André Brock on Race and the Internet

André Brock on Race and the Internet

At a conference presented by The University of Iowa's Forkenbrock Series on Public Policy, "Conflict and Civility in Political Discourse: Where Is the Line?" André Brock presented findings from his recent research about race and the internet. He brought to the attention of the mostly white audience that "racial identity online is assumed to be white unless context or discourse suggests otherwise," pointing out that whiteness is articulated as a silent norm. With regards to a specific blog, StuffWhitePeopleLike.com, Brock used Critical Technocultural Discourse to analyze the site. Using this angle, he analyzed one post on the blog and its over fifteen thousand comments: not an easy task.

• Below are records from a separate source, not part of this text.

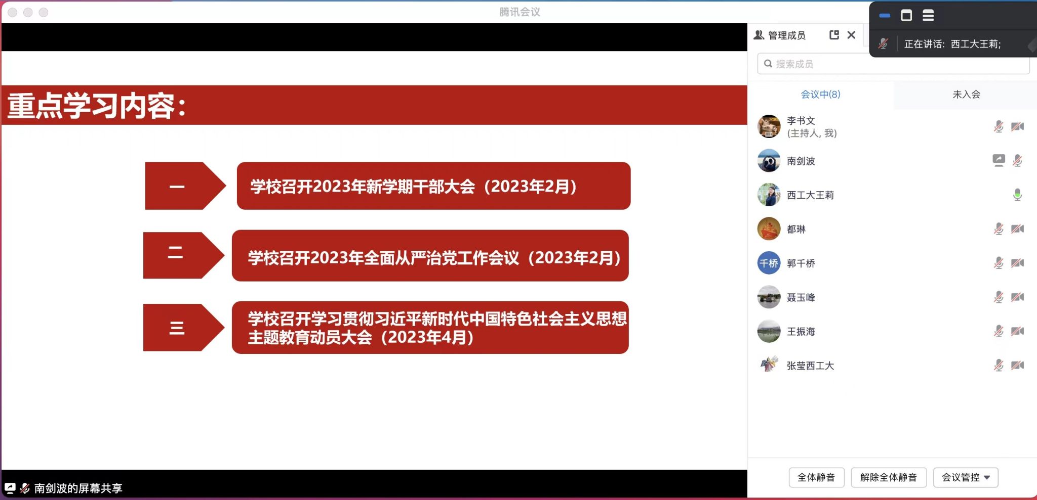 会上,王莉就深入学习开展主题教育专题学习的重大意义、主题教育的目标要求任务、扎实开展主题教育工作进行宣讲。会议指出,要坚持学思用贯通、知行信统一,把习近平新时代中国特色社会主义思想转化为坚定的理想,把握“学思想、强党性、重实践、建新功”的总要求,以具体的目标为引领,以解决问题为抓手,高标准、高质量完成主题教育的各项任务。会议要求,要把主题教育贯穿到理论学习、人才培养、科学研究、社会服务等各项工作中去,确保主题教育融入日常、抓在经常,扎实推进、取得实效。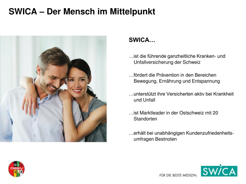 SWICA – Der Mensch im Mittelpunkt SWICA… …ist die führende ganzheitliche Kranken- und Unfallversicherung der Schweiz …fördert die Prävention in den Bereichen Bewegung, Ernährung und Entspannung …unterstützt ihre Versicherten aktiv bei Krankheit und Unfall …ist Marktleader in der Ostschweiz mit 20 Standorten …erhält bei unabhängigen Kundenzufriedenheits-umfragen Bestnoten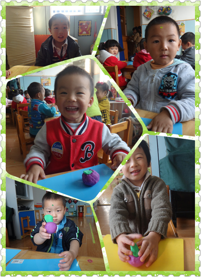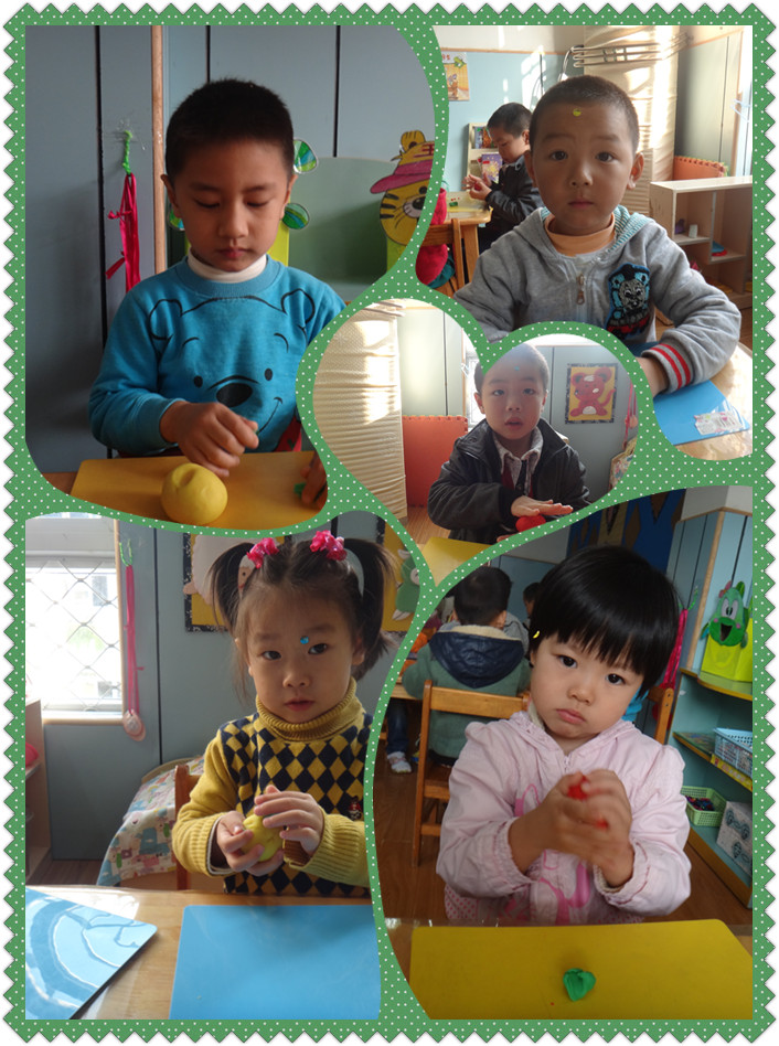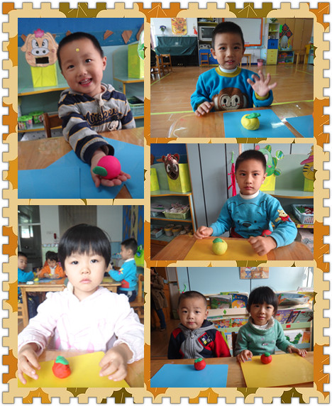 每周二的特色泥工活动如期开展了,小朋友都很期待,也十分的兴奋。今天下午吃的点心是苹果,小朋友观察了苹果的形状和主要特征,于是在老师的指导下,小朋友们利用各色的油泥制作了一个个漂亮的小苹果哦,看的就很香哦!快乐与活动同行!!

The blog post he chose to focus on was simple, a picture of the cast of Friends with President Barak Obama's head photoshopped into the group with the words "Because white people are afraid that if they don’t like him that they will be called racist," which he projected onto the screens to either side of the panel table. (Side note: he was the only one of the three presenters to take advantage of these screens.) He pulled out several of the more incendiary comments on this post, being sure to point out that since the participants in the discussions know that the discussion is happening in a public space they are more likely to be as inflammatory and incendiary as possible. However, he noted, "Racial attitudes shape online interactions regardless of context, but it becomes more apparent when race is the topoi" or topic. He reiterated that we like to think of the internet as a race-less. body-less space, but in fact the default internet identity is white, male, and middle-class. While on the internet "there is more disguised racist discourse, less overt racism, but race and racism is a fact in all discourses," online and off.